-- WHAT THE EXERCISE ASKS --
No pictures belong in the copy. Set down exactly the lines from the one that contains "- нарисуйте арт" through the end of the data.

-- EXERCISE DATA --
————
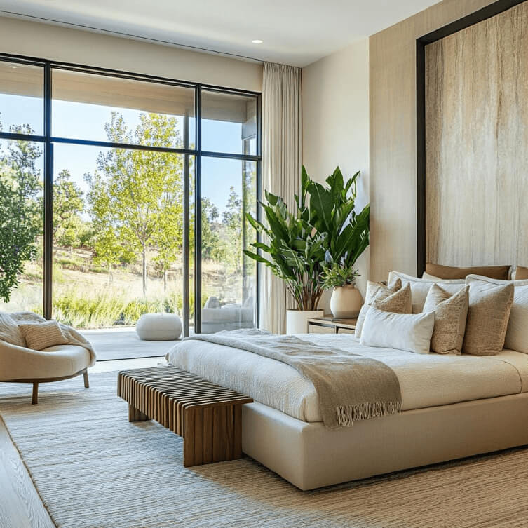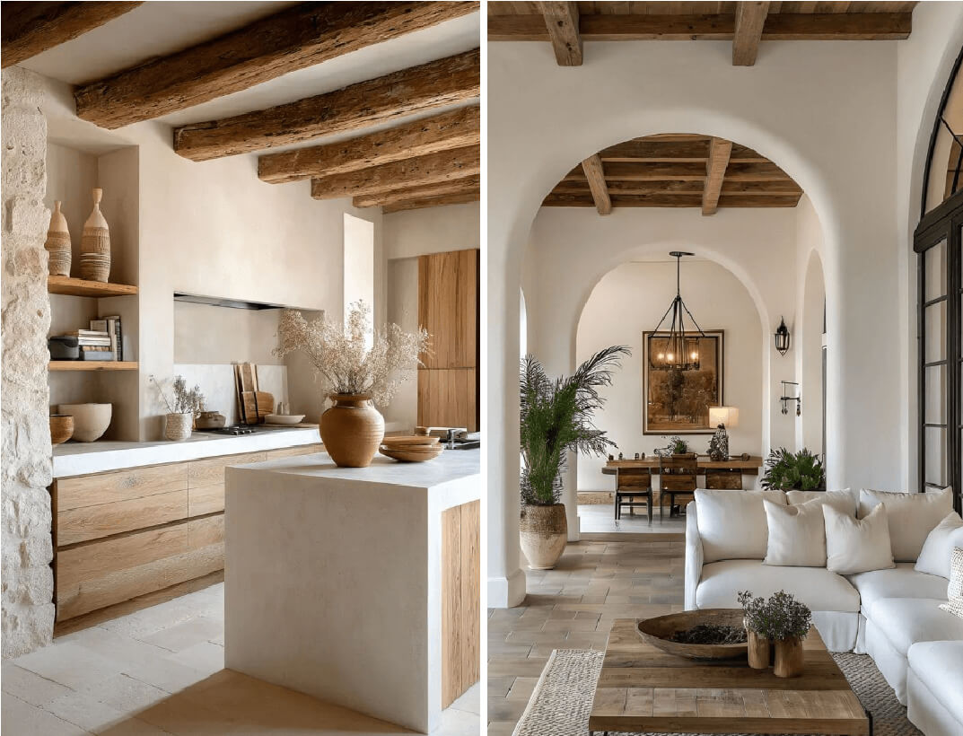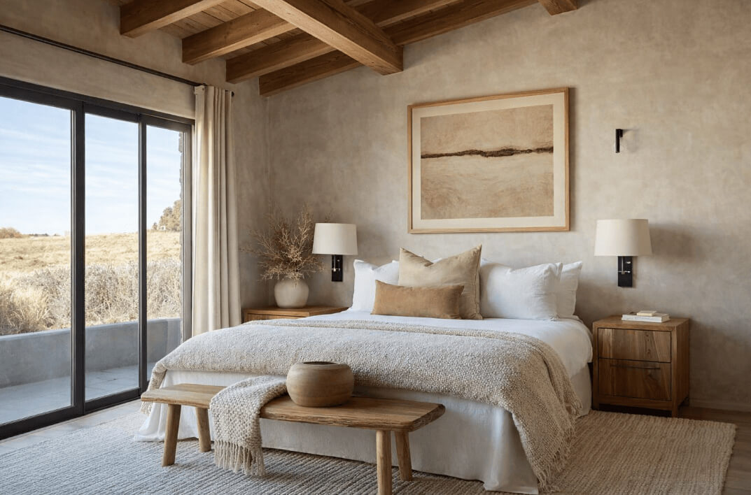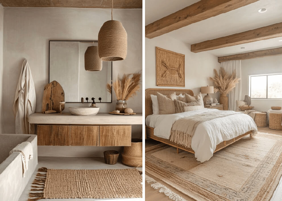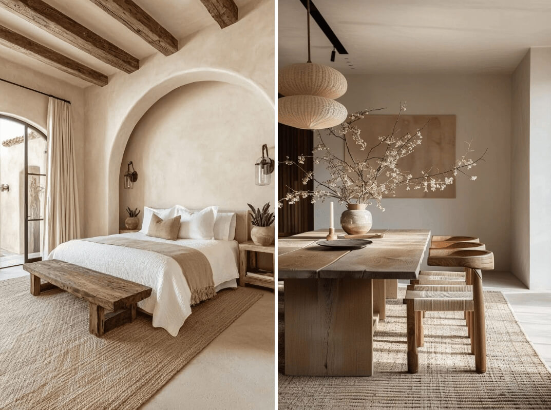 Tonos tierra, arena, ocres, beige y marrones dominan la escena, con acentos en verde oliva, terracota o gris piedra. Los colores acompañan a los materiales y refuerzan la sensación de equilibrio, conexión con lo natural y serenidad visual.
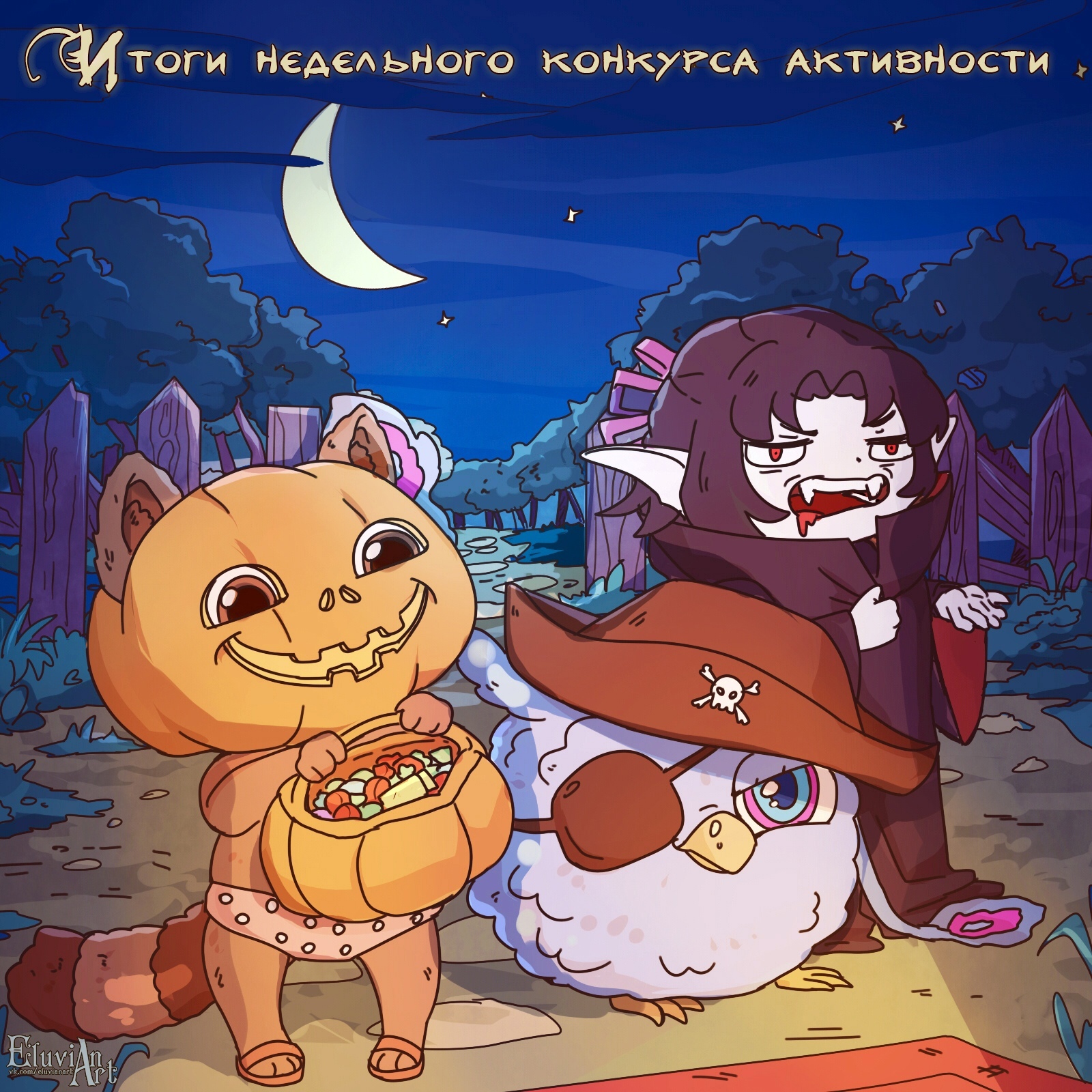 - нарисуйте арт для итогов еженедельного конкурса активности в сообществе «ВКонтакте»;
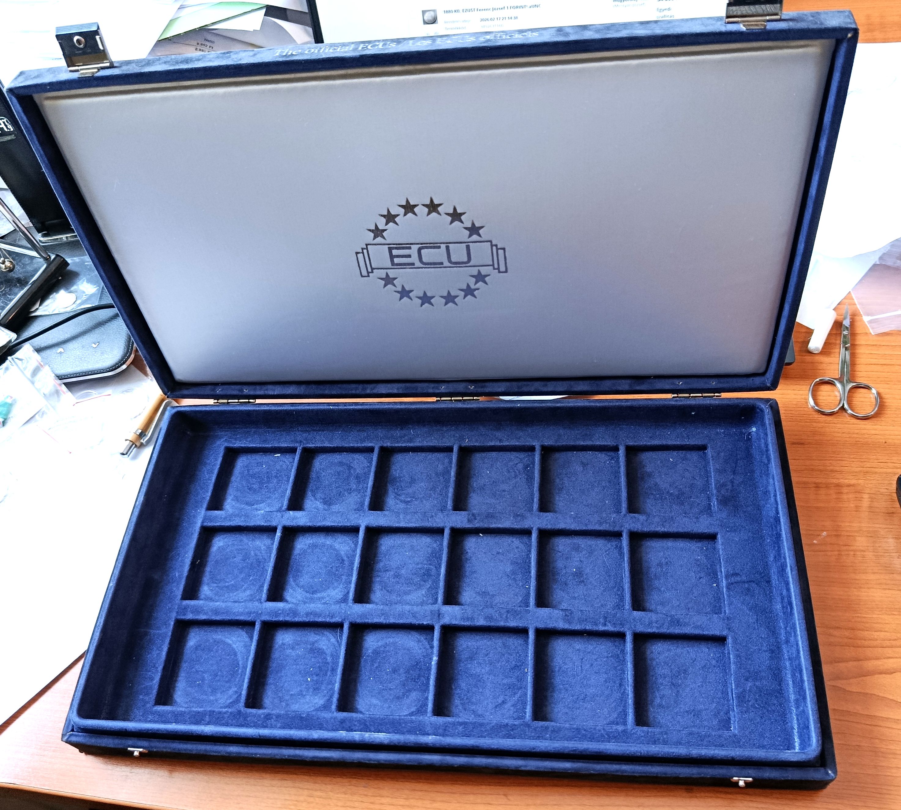 SZÉP KIVITELŰ, BÁRSONYBŐR BORÍTÁSÚ, 1 TÁLCÁS, 18 DB, NAGYMÉRETŰ ÉRME TÁROLÁSÁRA ALKALMAS.
————
-- RESULT OF THE EXERCISE --
 - нарисуйте арт для итогов еженедельного конкурса активности в сообществе «ВКонтакте»;
 SZÉP KIVITELŰ, BÁRSONYBŐR BORÍTÁSÚ, 1 TÁLCÁS, 18 DB, NAGYMÉRETŰ ÉRME TÁROLÁSÁRA ALKALMAS.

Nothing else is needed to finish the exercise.